Start of AVAILABLE DATA
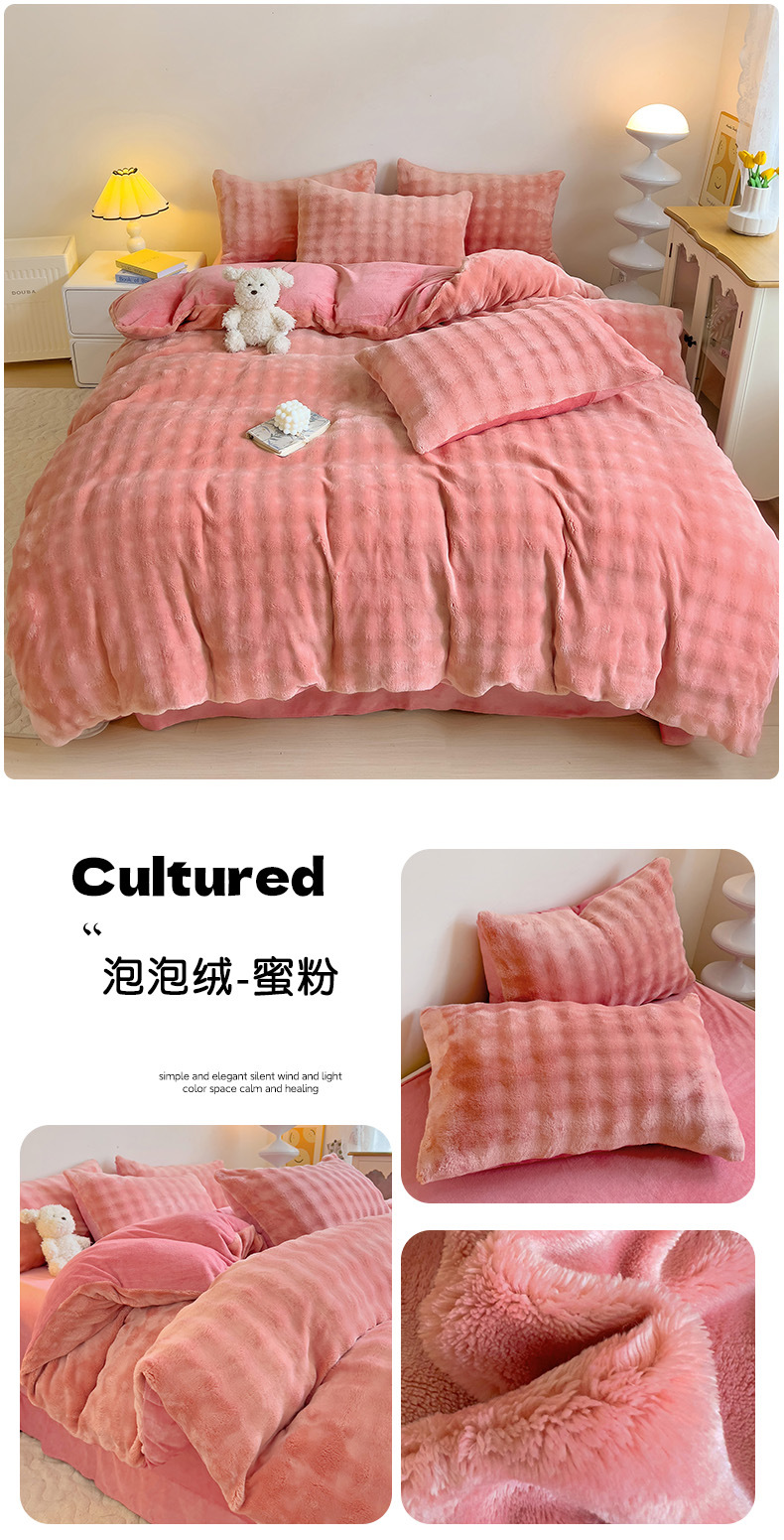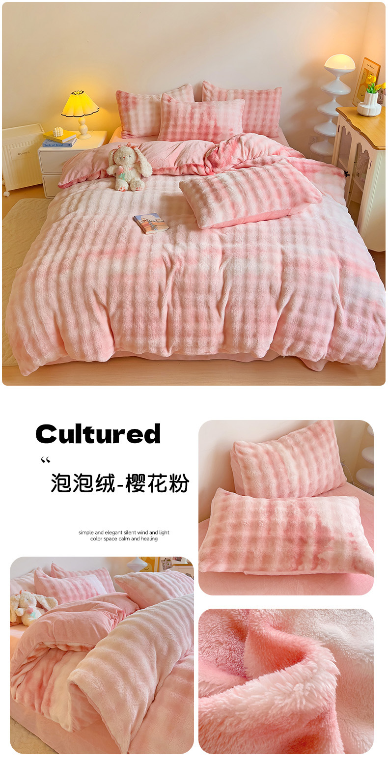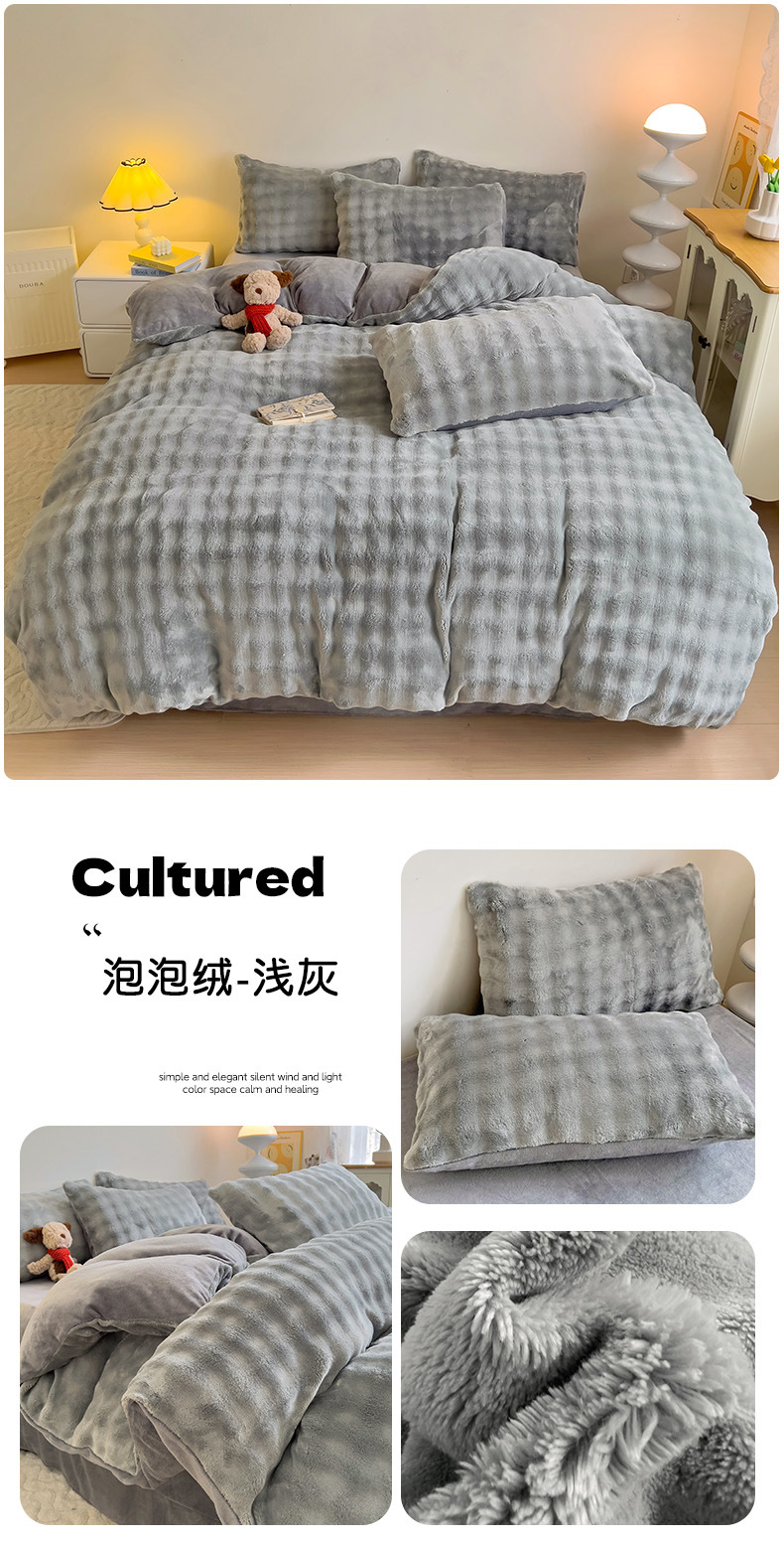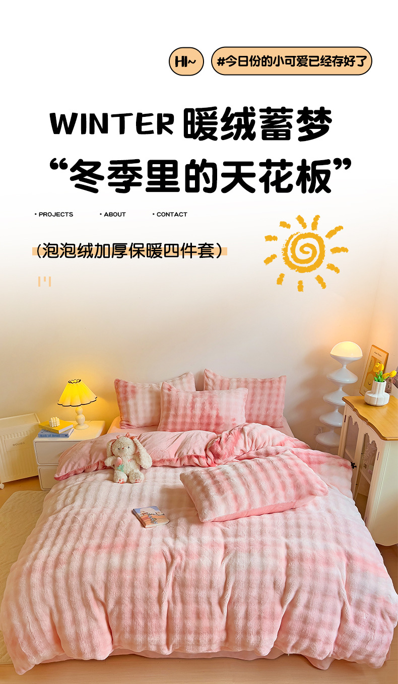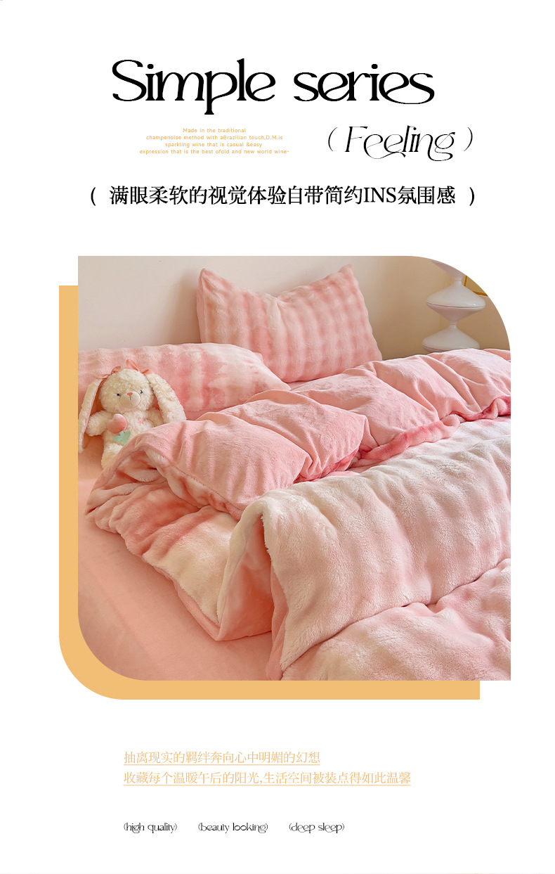 2024 폭발성 큰 거품 그라디언트 단색 토끼 봉제 토끼 토끼 벨벳 우유 벨벳 겨울 두꺼운 4 조각 세트스토어 가기
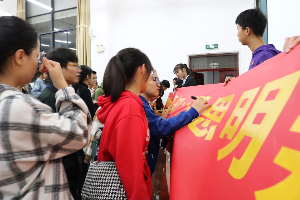 会上,黄星寿发表动员讲话,他指出学风建设是校风建设的重中之重,是本科教学工作水平评估的一项重要内容。学院全体同学们务必高度重视,统一思想、提高认识,按照学校学风建设相关要求及学院学风建设方案内容抓好落实、确保成效。他表示希望大家回归本分,勤学苦读,通过本次活动展现公司良好学风。随后,张明进传达学校学风建设月相关文件精神,罗曼从学习、纪律、班级管理和宿舍管理等方面详细介绍了公司学风建设月活动方案。最后公司员工代表蓝梦婷宣读了学风建设月倡议书,各班级同学代表还在宣传横幅上进行了签字活动。
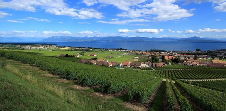 Panoramic view of Lavaux vineyard upon Geneva lake, Switzerland
End of AVAILABLE DATA
**ASSIGNMENT:** Could you please return each line of the material exactly, dropping the pictures?

**SOLUTION BELOW:**
 2024 폭발성 큰 거품 그라디언트 단색 토끼 봉제 토끼 토끼 벨벳 우유 벨벳 겨울 두꺼운 4 조각 세트스토어 가기
 会上,黄星寿发表动员讲话,他指出学风建设是校风建设的重中之重,是本科教学工作水平评估的一项重要内容。学院全体同学们务必高度重视,统一思想、提高认识,按照学校学风建设相关要求及学院学风建设方案内容抓好落实、确保成效。他表示希望大家回归本分,勤学苦读,通过本次活动展现公司良好学风。随后,张明进传达学校学风建设月相关文件精神,罗曼从学习、纪律、班级管理和宿舍管理等方面详细介绍了公司学风建设月活动方案。最后公司员工代表蓝梦婷宣读了学风建设月倡议书,各班级同学代表还在宣传横幅上进行了签字活动。
 Panoramic view of Lavaux vineyard upon Geneva lake, Switzerland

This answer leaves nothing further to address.